Read through the CoP preprint here
The CoP provides guidance for logging and log processing data at the repository level and how to send the processed logs to DataCite. Parts of the CoP refer to the SUSHI protocol which exposes data by setting up a server with a number of filtering, date range and other options. SUSHI (Standardized Usage Statistics Harvesting Initiative) is a separate, previously existing NISO standard being followed by the community.
The CoP suggests the following items that can be tracked, although some items may be optional if the repository system implementation doesn't support them.
Date and time
Request IP address
Session cookie ID: an ID kept in a session cookie which only lives as long as the browser/session is open
User cookie ID: an ID that identifies a user session that may persist past the closing of the browser window to future visits
Username or user ID: identifies a user of the system because they have logged in or identified themselves
The requested URL
The DOI Identifier which uniquely identifies this dataset
Size (only needed for requests which download a dataset and not for investigations which display landing pages or metadata about a dataset)
The user-agent string being sent by the client
Only successful requests (HTTP status codes 200 and 304) should be counted.
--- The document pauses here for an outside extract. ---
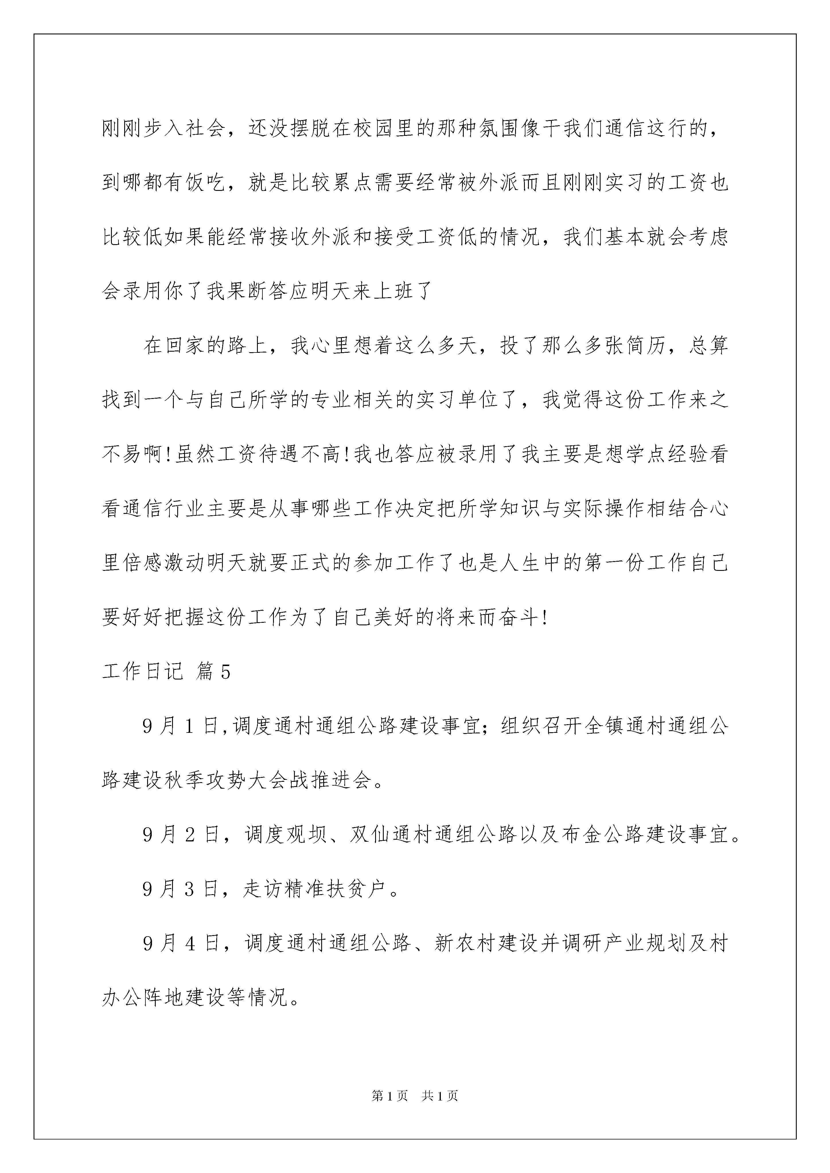 2022工作日记模板汇总5篇工作日记模板汇总5篇时间过得真快,一天又将结束了,相信大家都有不少体会吧,想必是时候写一篇日记了。那么日记有什么格式呢?下面是我精心整理的工作日记5篇,希望对大家有所帮助。工作日记篇1师傅连续两天帮我介绍了有关城市光网的知识,让我收获良多。本来我想在学习一些知识以外还能亲自动手,来做一些师傅平时做的工作,但是由于我不是电信正式员工,而我所处的部门有些资料是不能给我接触的,此外,这些工作需要很高的准确性,所以我最终只能在旁边看着他们工作。总的来讲,今天电话不是很多,所以我也有时间和那些学长学姐聊一些有关大四的安排。学长和学姐基本上都告诉我要充实自己的实践能力,毕竟课本上的东西都是很死板的,要真正的运用到现实中还是需要一些实践经验的。此外到了大四要学会合理安排时间,应为临近毕业,我们要开始着手自己的毕业设计,同时还要开始为自己的工作做打算。所以这对我们自己我控制能力的要求将提高很多。虽然今天在专业知识上没有什么提高,但是确是也是有意义的一天。工作日记篇2**月23日,我和同事们一道进村入户开展“挂包帮”、“转走访”精准扶贫攻坚工作。我们在天星镇双河村与村“三委”班子成员一道学习传达贯彻落实中央、省、市、县开展精准扶贫工作会议精神,听取了村支书***扶贫工作汇报,研究了部门挂钩扶贫工作。在谈到村里的困难时,蒋支书对我们说,双河村有17个村民小组,767户2928人。虽然全村贫困面大,但是我们有信心通过多方努力,在20xx年全面实现建档立卡贫困户468户1594人脱贫出列。村里存在的主要困难是群众增收难,居住环境差、生活不宽裕。公共基础设施薄弱、产业发展滞后,无户间作业路硬化到家家户户,村组公路晴通雨阻现象突出。特别是一些边远高寒的地方,当地群众生产生活、居住生存环境条件十分差,房屋破烂、生活简陋,急需异地搬迁转移安置。听完蒋支书的情况介绍后,我们一行6人从村委会出发,踏着泥泞小道、爬坡上坎,走访扶贫对象72户。下晚返回到村委会休整,明天还将继续进村走访扶贫对象。9月24日,从早8时开始进村入户,到晚18时45分,我们一行6人终于完成了每人12户扶贫对象的调查摸底和访问任务,平安返回县城。一大早,雨下个不停,仿佛为我们洗尘。心里惦记着住在山一家、水一家的乡亲们,我们继续冒雨进入双河村营头、团山自然村,走进贫困农户家中完成昨天未走访完的任务。走在滑溜溜、坑坑洼洼的泥巴路上,坚定的.脚印浅一脚深两脚的通向远方的家。走进村民家中,老乡们把我们视亲人般递水让座。我们同乡亲们拉着家常、讲解扶贫政策,用笔记录生产、生活困难情况,用相机见证一瓦一房一家人的境况。秋雨也不一直下了,汗水也不一股脑流了,大家心里都暖暖的。那天大的困难也一下子让微笑着的精气神赶跑了。中午,我们走访到双河村监督委员**8老人家。75高龄的赵老也是团山自然村老社长,一位在当地德高望重的老人,一位老百姓心中的贴心人。精神矍铄的赵老告诉我们,他当了32年的社长,为村民们发展生产、生活做了一些力所能尽的事,获得了一些荣誉。看着墙上的荣誉牌,赵老喜滋滋告诉我们,这是20xx年12月天星镇党委、政府首届“十佳道德模范”评选给他的“敬业奉献模范”先进个人奖牌。同行的蒋贵强村支书介绍说:老社长没读过两天书,也不是共产党员,但他思想先进、热爱集体、爱学习,处事公道、为人正派,敢说敢想敢做,乡亲们都佩服他、敬重他。村里大小事都听他的意见和安排。前年,团山公路有一段路被山洪冲毁,急需要恢复,村委会帮助解决了5吨水泥,老社长硬是发动了100余名村民,花了两天时间,自力更生把近100米的损毁路面打成了水泥路,这段路至今都保持了顺畅通车。蒋支书还给我们介绍说:今年,老社长动员发展了村里有志青年罗国文成为团山社的第一个养殖大户。我们随后走访进入***家,参观了他今年新修的养猪场。***介绍说:他年初投入了50余万元资金,喂养了100余头猪,长势良好,猪价也看好。在谈到今后打算时,他期盼帮扶资金支持,通过联户经营、群众入股、订单收购等方式带动周围乡里乡亲发展生猪养殖,逐步壮大养殖规模,为大家脱贫致富尽一份力。下午,我们来到在9月17日被近300方危石阻断村组公路的排危作业现场(该路断位于双河村委会老街安置点去榨房自然村20余米入口处),因下雨路滑推车溅了一身泥的蒋支书指着工人正在破碎的石头对我们说:9月14日,我们接到村民险情报告,当天就组织人员安全转移了涉及危险威胁的5户18人。同时还在在公路两头加设了防护栏和安全警示牌。这几天,虽然天天都是秋雨,险断边坡还不时有石头、泥土滚落,但是我们采取了有效措施、险情处置及时,险情

CDL has chosen to log only successful items (and thus the status code isn't shown in our specialized COUNTER logs).
Descriptive Metadata Requirements for the CoP
The CoP requires submitting descriptive metadata along with statistics for datasets. The descriptive metadata may either be logged at the time a dataset is accessed or have metadata enrichment take place as part of the log processing before making usage data available. To save time and simplify log processing we suggest logging descriptive metadata along with the more technical metadata if it is already present in your repository application at the time of logging.
The descriptive metadata we're logging are shown below. Items with an asterisk are mandatory while other metadata items are optional, yet are present in our system so are also logged.
Version of Dataset
Other ID for the dataset (if there is one)
URL (the same URL that DataCite will resolve to)
Year of Publication
For specifics about the logging format CDL is using and that works with the counter-processor, please see the readme and sample log in that Github repository.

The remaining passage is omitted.